PROBLEM REQUIREMENTS: Make an exact copy of the lines from the top of the entries below through the line with "The open-air courtyard". Leave all pictures out.

(Stored data)
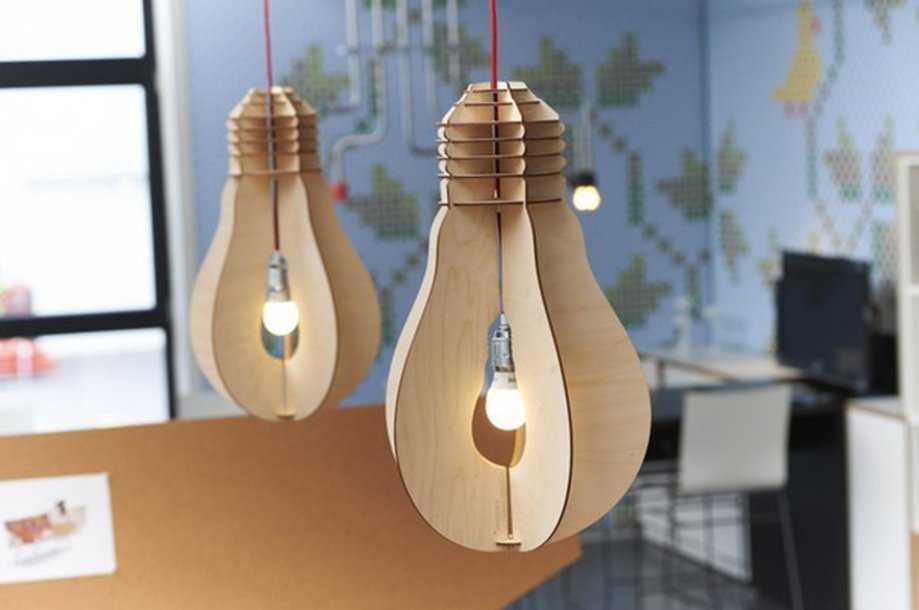 Важно. В самодельных изделиях освещения из дерева запрещается применять в качестве источника света лампу накаливания, она имеет свойство нагреваться и отдавать тепло, есть риск возгорания деревянных деталей осветительного устройства, сделанного из фанеры своими руками
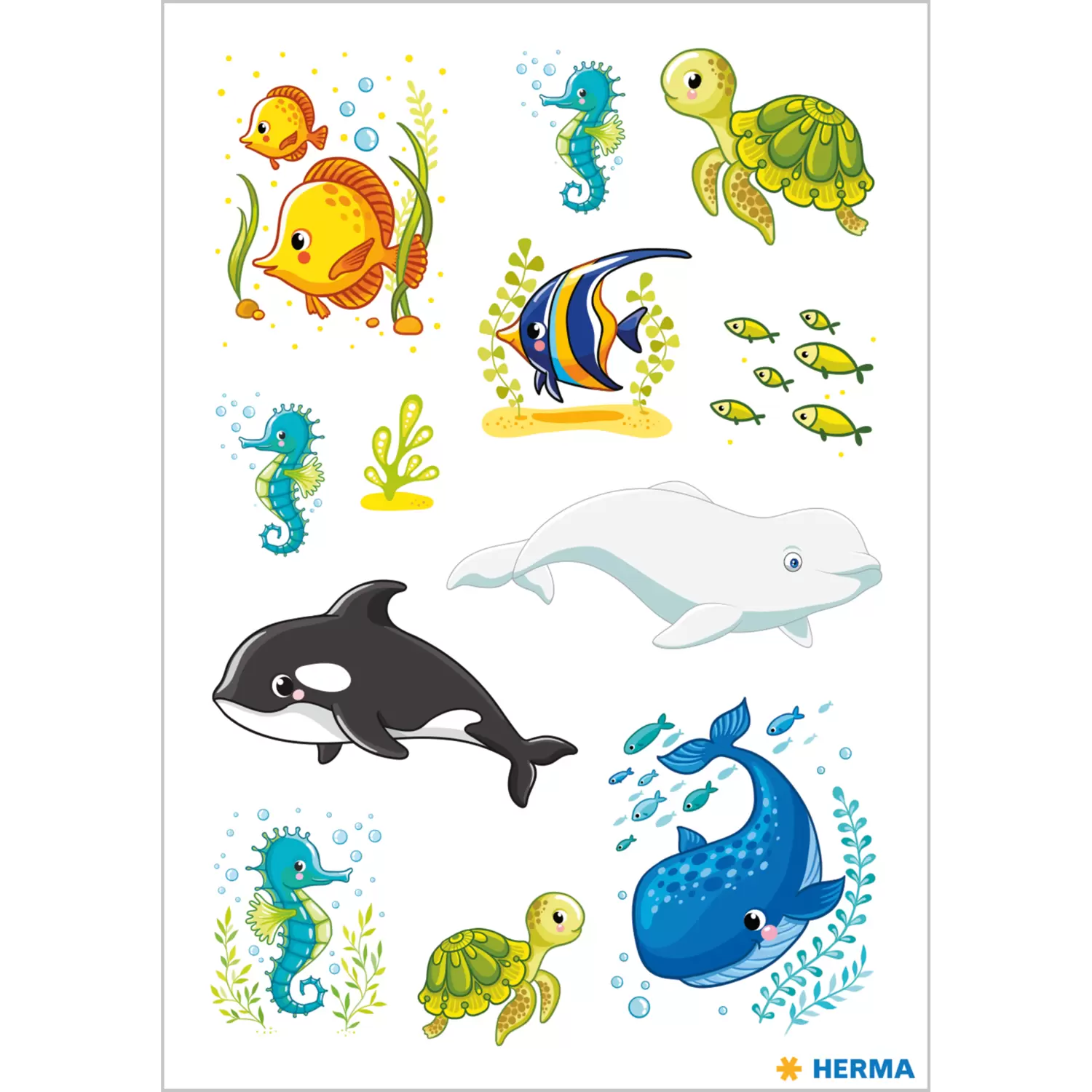 In de grote wijde zee, daar dartelen heel wat geinige gasten. Kleurrijke vissen, schildpadden, zeepaardjes en de zingende reuzen van de diepte: de walvissen! Deze prachtig vormgegeven stickers met onderwatermotieven zijn perfect geschikt om te verfraaien en te versieren. Elke verpakking bevat 3 stickervellen met elk 12 stickers. De stickers zijn gemaakt van hoogwaardig papier, permanent hechtend en zelfklevend op nagenoeg alle oppervlakken. Ze kunnen er heel gemakkelijk van worden verwijderd en naar believen opnieuw worden opgeplakt. Ideaal als versiering voor schriften, ordners en mappen, om te knutselen of voor sparen en ruilen.
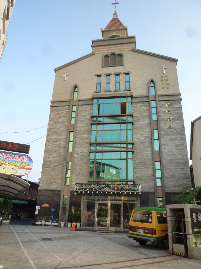 左営大路沿いにある平面的で綺麗な教会ですが、特におススメする教会ではないように思います。
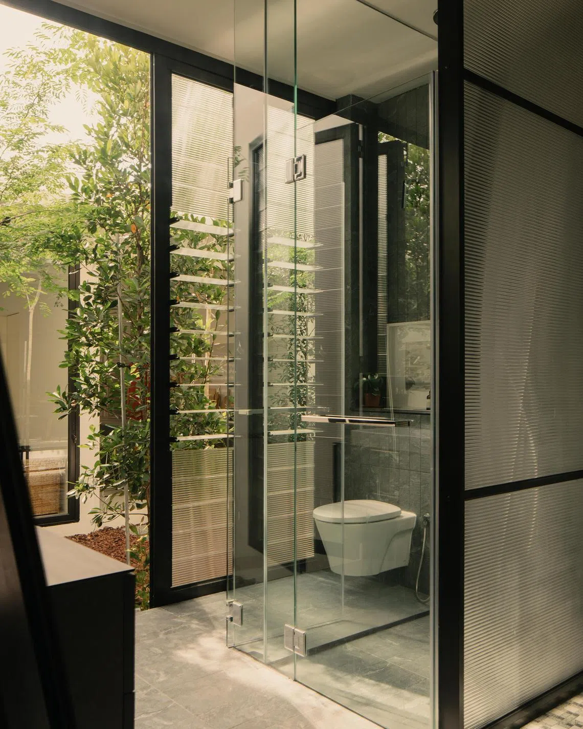 The open-air courtyard typically prompts perplexed guests to ask what happens in the event of a downpour. Chaw and Ho considered installing a retractable roof, but this would run counter to their intention to let the trees grow to their full height. “It speaks of a certain attitude towards nature,” he says. “In the courtyard, we subject ourselves to the whims and fancies of the weather. I must admit that such attitudes may not be everyone’s cup of tea, but at least it’s something that I’m willing to try out for myself. So, subjecting ourselves to what the environment gives us is the key philosophy to this design.”
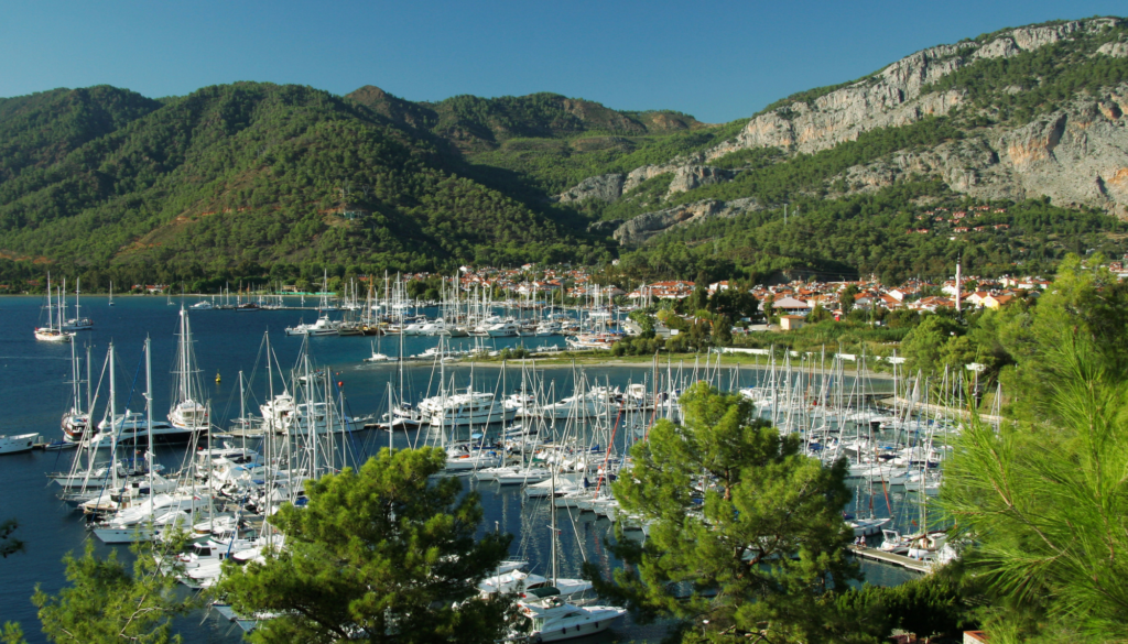 Göcek ist eine kleine Stadt im Südwesten der Türkei, die nicht weit von Marmaris und Fethiye entfernt am östlichen Mittelmeer liegt. Sie besitzt einen natürlichen Hafen und liegt dank dessen einzigartiger Geographie relativ ruhig und geschützt vor Winden in der gleichnamigen Bucht. Rund um Göcek herum werden Sie viele andere Buchten, Inseln und das weltberühmte türkisfarbene Wasser der türkischen Mittelmeerküste vorfinden. Zudem verfügt die Bucht selbst über sechs erstklassige Yachthäfen, die Ihnen als perfekter Ausgangspunkt für Ihren Segeltörns dienen können.

EXERCISE OUTPUT:
 Важно. В самодельных изделиях освещения из дерева запрещается применять в качестве источника света лампу накаливания, она имеет свойство нагреваться и отдавать тепло, есть риск возгорания деревянных деталей осветительного устройства, сделанного из фанеры своими руками
 In de grote wijde zee, daar dartelen heel wat geinige gasten. Kleurrijke vissen, schildpadden, zeepaardjes en de zingende reuzen van de diepte: de walvissen! Deze prachtig vormgegeven stickers met onderwatermotieven zijn perfect geschikt om te verfraaien en te versieren. Elke verpakking bevat 3 stickervellen met elk 12 stickers. De stickers zijn gemaakt van hoogwaardig papier, permanent hechtend en zelfklevend op nagenoeg alle oppervlakken. Ze kunnen er heel gemakkelijk van worden verwijderd en naar believen opnieuw worden opgeplakt. Ideaal als versiering voor schriften, ordners en mappen, om te knutselen of voor sparen en ruilen.
 左営大路沿いにある平面的で綺麗な教会ですが、特におススメする教会ではないように思います。
 The open-air courtyard typically prompts perplexed guests to ask what happens in the event of a downpour. Chaw and Ho considered installing a retractable roof, but this would run counter to their intention to let the trees grow to their full height. “It speaks of a certain attitude towards nature,” he says. “In the courtyard, we subject ourselves to the whims and fancies of the weather. I must admit that such attitudes may not be everyone’s cup of tea, but at least it’s something that I’m willing to try out for myself. So, subjecting ourselves to what the environment gives us is the key philosophy to this design.”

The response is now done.